The views I have shared in this forum on certificate path development
efficiency are applicable to the most trust models I conceive.
Furthermore, having two attributes for two types of certificates seems
to help conceivable efficiency mechanisms.

	-----Original Message-----
	From:	Mike Smith [SMTP:mfsmith@zionsbank.com]
	Sent:	Monday, August 17, 1998 12:32 PM
	To:	chokhani@cygnacom.com; aberger@darmstadt.gmd.de
	Cc:	ietf-pkix@imc.org
	Subject:	Domains of Trust for PKIX

	Andreas:

	Path validation, revocation path traversing, policy contraints,
policy mapping, "trusted CAs" "trusted roots", etc. all assume a trust
model exists for the PKIX work.  I do not think that trust models have
been explicit enough.

	I think that the "trust" in a personal PKI (the individual
accepts whom they trust) is greatly different from a more formal or
corporate PKI (the individual is only allowed to trust those trusted by
the corporation).

	I think the personal trust model is exemplified in the PGP model
and other self-authenticating systems.

	So, what trust model are we using in PKIX?  Is it all?  Is it a
one trust source (a la some government Trusted Third Party systems?  Is
it: I trust only my issuer, I need to rely on it to accept
responsibility for the certificates they issue or tell me it is OK to
accept (there is probably some sort of bilateral agreement between the
issuer and the certificate subscriber)?

	Once a single trust model (or all trust models) are defined,
then the PKI technical work can continue to design a working model
within the specific trust model.

	I think that the PKIX group is working on a public CA trust
model wherein the relying party gets to accept his or her own individual
trust model.  If this is so, then maybe I and others should refrain from
interjecting all the corporate-processing issues based on different
trust models.

	In PKIX, we have specified and recommended practices for CAs,
maybe we need to define the PKIX trust model separately, as well.  Maybe
we need to define all of the trust models and then let devlopers choose
which they are designing for and then subset the PKIX documents based on
the different trust models.

	I do not think that we can develop any technology solution
unless we define the business problem that we are trying to solve.  I do
think that the business problem that we are trying to solve is the
business of "who to trust", so we need to have a trust framework defined
before we can build the technical framework to support it.  We have,
often, a lot of debate on the list from folks assuming PKIX is working
to support one or more trust models.  Maybe we can focus the debate if
we define the various trust models and their implications for PKI under
PKIX?

	Michael

	>>> Andreas Berger <aberger@darmstadt.gmd.de> 08/17 9:04 AM >>>
	Santosh Chokhani wrote:
	> 
	> Sharon:
	> 
	> I have studied the path development a lot.  I am not claiming
that I am
	> correct.  But, here are some of the conclusions I have come
to:
	> 
	> 1.      Path development is efficient when done backward from
the
	> direction of trust, i.e.,  from subject end entity to relying
party
	> trust anchor(s).
	And the end entity certificate is probably all you have, e.g.
take an
	S/MIME Message with the end entity certificate attached or
identified by
	issuer and serial.

	> 2.      Path processing has to be done in the forward
direction of
	> trust, i.e., from the relying party trust anchor(s) to
subject.
	What do you do if you have several trust anchors, i.e. a set of
	keys/certificates you decided to trust. The selection of anchors
may
	even be restricted depending on the nature of the document.

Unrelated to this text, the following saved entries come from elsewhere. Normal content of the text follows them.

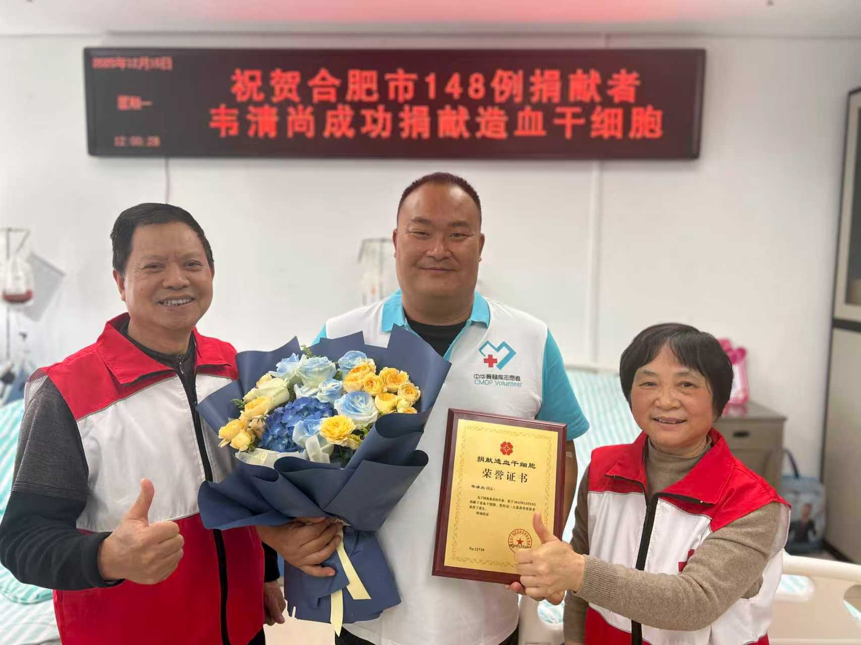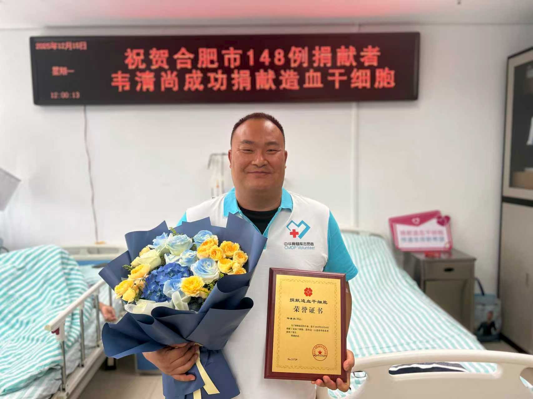 2025年12月15日,冬日的暖阳洒满中科大第一附属医院造血干细胞采集室。韦清尚静静躺在病床上,手臂连接着采集仪器,鲜红的血液在管路中缓缓流淌,历经数小时,顺利采集了234毫升的造血干细胞混悬液,成为合肥市第148例造血干细胞捐献者。这份承载着生命力量的“生命种子”,将跨越山海送往远方,为素未谋面的患病患儿点燃重生希望。
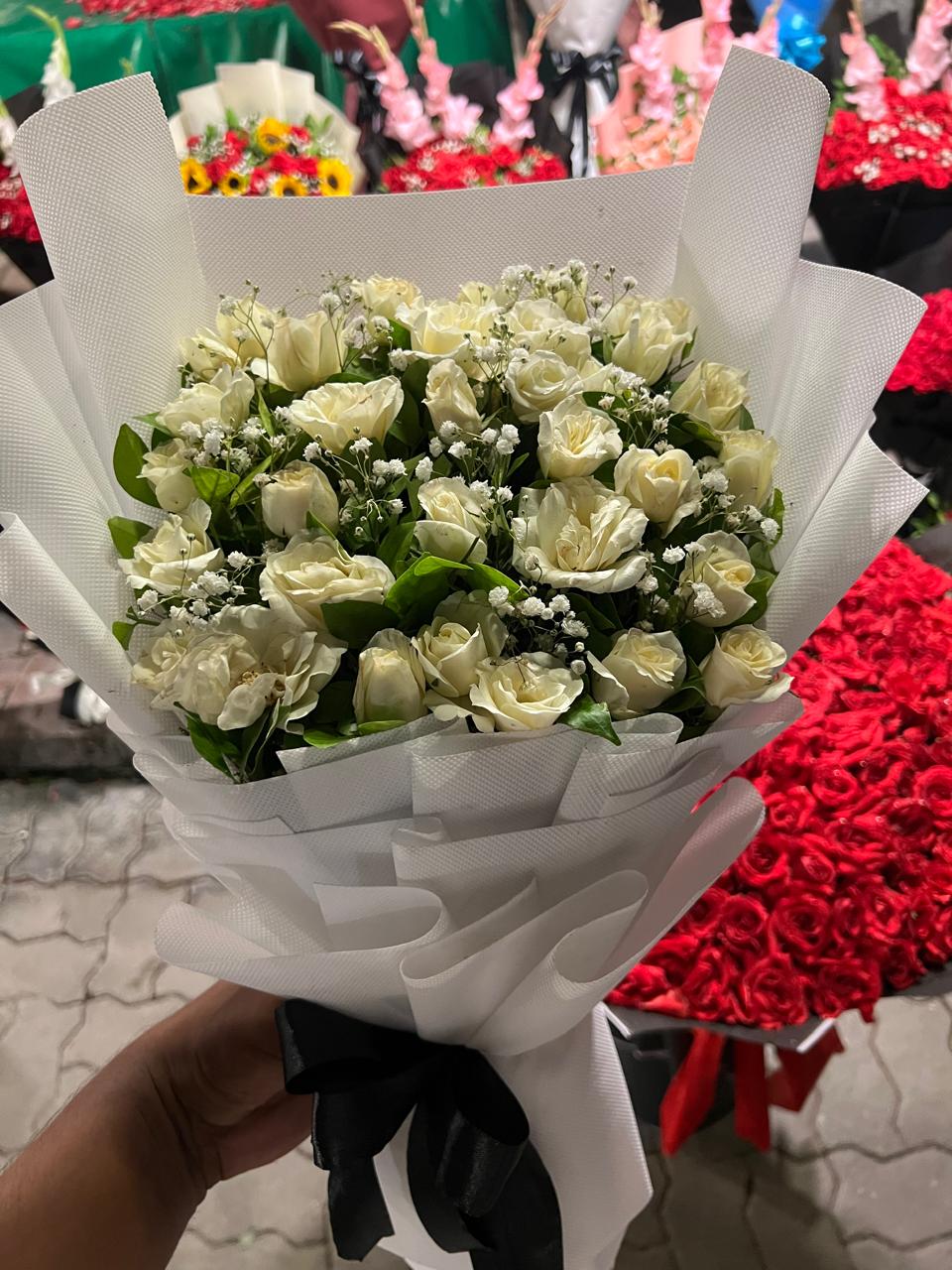 • Dominant Flower: Approximately 25-30 pristine white roses, displayed in various stages of bloom for depth and texture.
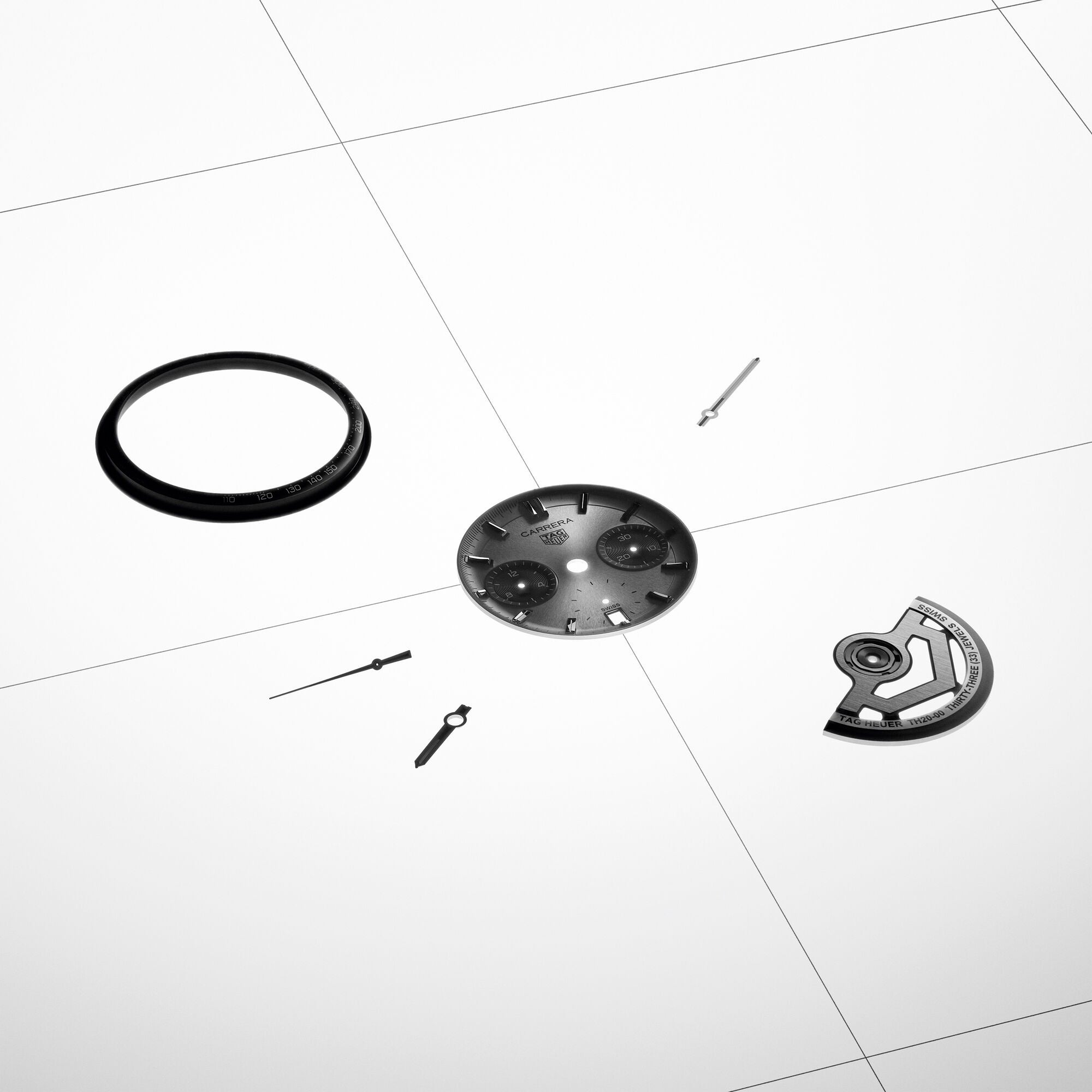 39 mm径のステンレススティール製ケースには1970年代のホイヤー カレラモデルを彷彿とさせるサファイアガラスを用い、ダイヤルの外周とケースの間に配置されたタキメーターにシームレスにつながるようデザインし直しました。コントラストの強いブラックでカーブを描くフランジとロジウム仕上げのカーブインデックスが一体化し時計の美しさを際立たせ、より広い視野角を確保し、ジャックの当初の目的を維持しています。
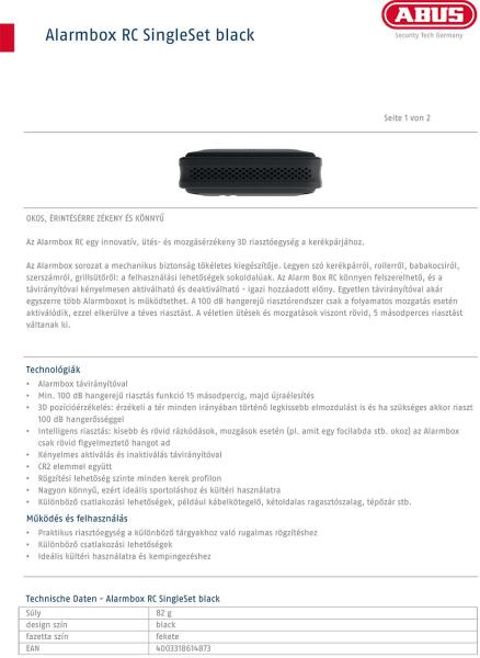 Riasztó kerékpárokhoz. Magasan fejlett 3D riasztóegység, amely gyorsan és egyszerűen rögzíthető bármilyen értékes tárgyhoz. A mellékelt távirányítóval gyorsan és egyszerűen aktiválhatja a Alarmbox RC-t. Egy gombnyomás, és a riasztó élesítve van. Az Alarmbox RC egy innovatív, ütés- és mozgásérzékeny 3D riasztóegység a kerékpárjához. Min. 100 dB hangerejű rias
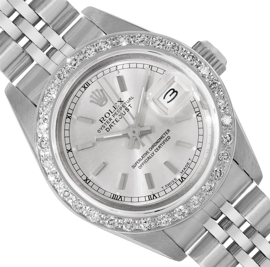 One Rolex Ladies Pre Owned Stainless Steel Datejust Wristwatch Polished Bright with Satin Finish, Serviced & Electronically Tested, Stainless Steel Case: 26mm, Stainless Steel Crown, Custom Bezel: New 18K White Gold Beadset Diamond Bezel, Diamond Count: 32 Diamonds, Total Weight .70 Carat, Clarity: SI-VS, Color: G to H. Custom Crystal: New Sapphire With Magnified Date Window. Custom Hands: New Luminescent Hands. Rolex Movement: 2135 Automatic Winding Movement. Rolex Dial: Factory Silver Dial With Index Hour Markers, Square Roman Track, And Lumi Dots. Date Window: 3 O'Clock Position Date Display, Model: Datejust. Condition: G-6 Extra Fine. Rolex Bracelet: Stainless Steel Jubilee Band. Bright Polish & Satin Finish. 6.0 Inch Length, Adjustable. Standard Clasp, With Rolex Logo. This Watch Has Been Serviced And Time Tested. It Is In Excellent Condition, Free Of All Scratches And Dents. This Watch Comes With A Rolex Box.

	But all that leads me to the question whether the current
description of
	path validation is sufficient. Do we need an advice (best
practice) how
	applications should find certificates and how they build paths?
All I
	know of is a description of how to verify that a path is
correct, not
	how to (efficiently) find probable paths to put into the
verification.
	And avoid loops and unpromising paths.